I'm planning to create a web application and also a mobile application to provide a very good shopping experience to the end customers. Shortly, my application will be aggregate the product details from difference sources and giving a clear picture to the user that when and where to buy that product with best in Quality and cost.

I have planned to develop this in many milestones for adding N number of features and I have picked my first part to complete the core part (aggregate the product details from different sources).

As per my work experience and knowledge, I have chosen the followings stacks to this mission.

UI: I would like to develop this application using React, React Router and React Native since I'm a little bit familiar on this and also most importantly these will help on developing both web and mobile apps. In addition, I'm gonna use the stacks JavaScript, jQuery, jQuery UI, jQuery Mobile, Bootstrap wherever required.

Service: I have planned to use Java as the main business layer language as I have 7+ years of experience on this I believe I can do better work using Java than other languages. In addition, I'm thinking to use the stacks Node.js.

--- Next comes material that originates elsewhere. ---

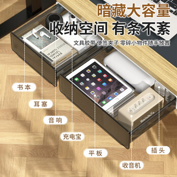 金隆兴桌底隐形抽屉式桌下收纳办公桌面文具整理盒学生书笔筒储物盒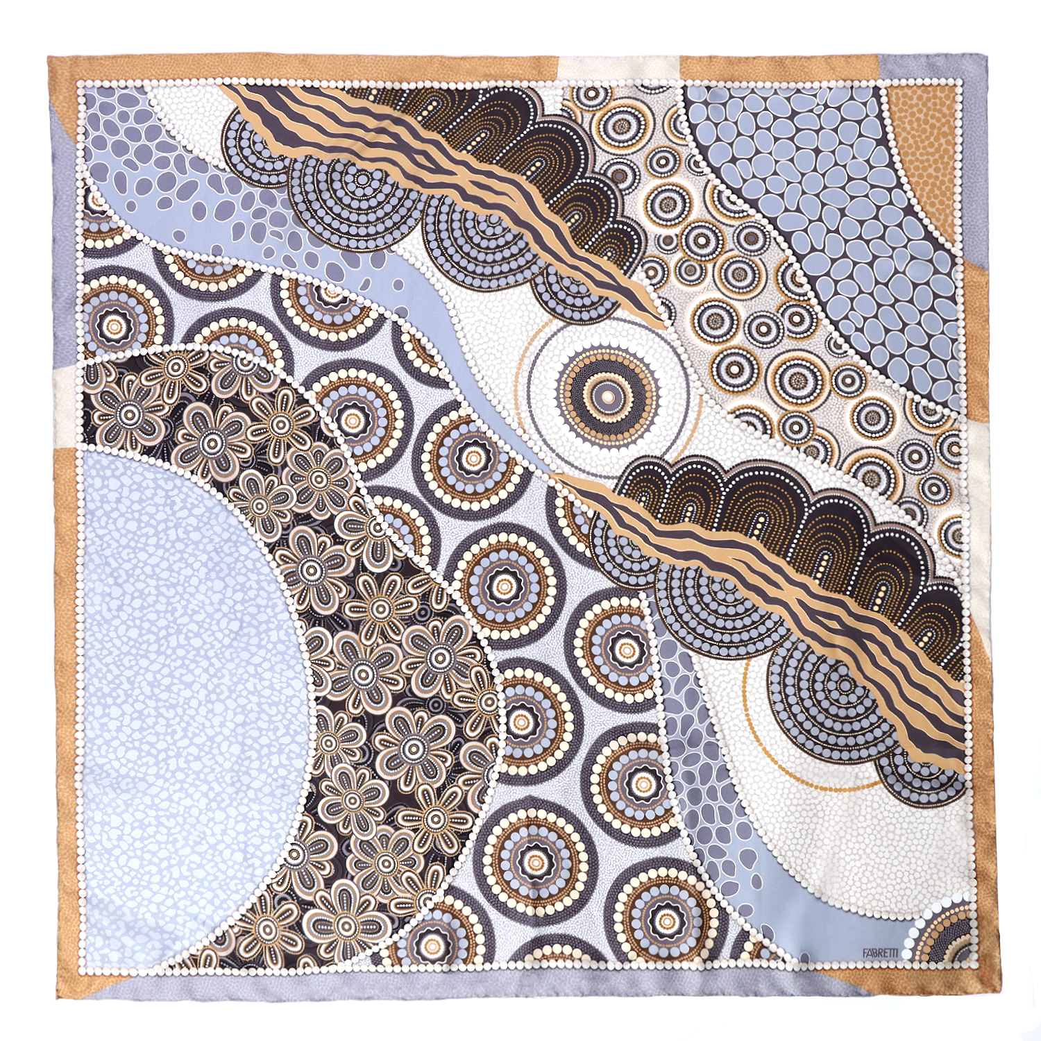 Классический женский платок итальянского бренда FABRETTI из натурального шелка с интересным абстрактным узором, сложенным из горошин разного размера, цвета и формы в серо-голубых и золотисто-бежевых тонах.

Database and ORM: I'm gonna pick MySQL as DB and Hibernate as ORM since I have a piece of good knowledge and also work experience on this combination.

Search Engine: I need to deal with a large amount of product data and it's in-detailed info to provide enough details to end user at the same time I need to focus on the performance area too. so I have decided to use Solr as a search engine for product search and suggestions. In addition, I'm thinking to replace Solr by Elasticsearch once explored/reviewed enough about Elasticsearch.

Host: As of now, my plan to complete the application with decent features first and deploy it in a free hosting environment like Docker and Heroku and then once it is stable then I have planned to use the AWS products Amazon S3, EC2, Amazon RDS and Amazon Route 53. I'm not sure about Microsoft Azure that what is the specialty in it than Heroku and Amazon EC2 Container Service. Anyhow, I will do explore these once again and pick the best suite one for my requirement once I reached this level.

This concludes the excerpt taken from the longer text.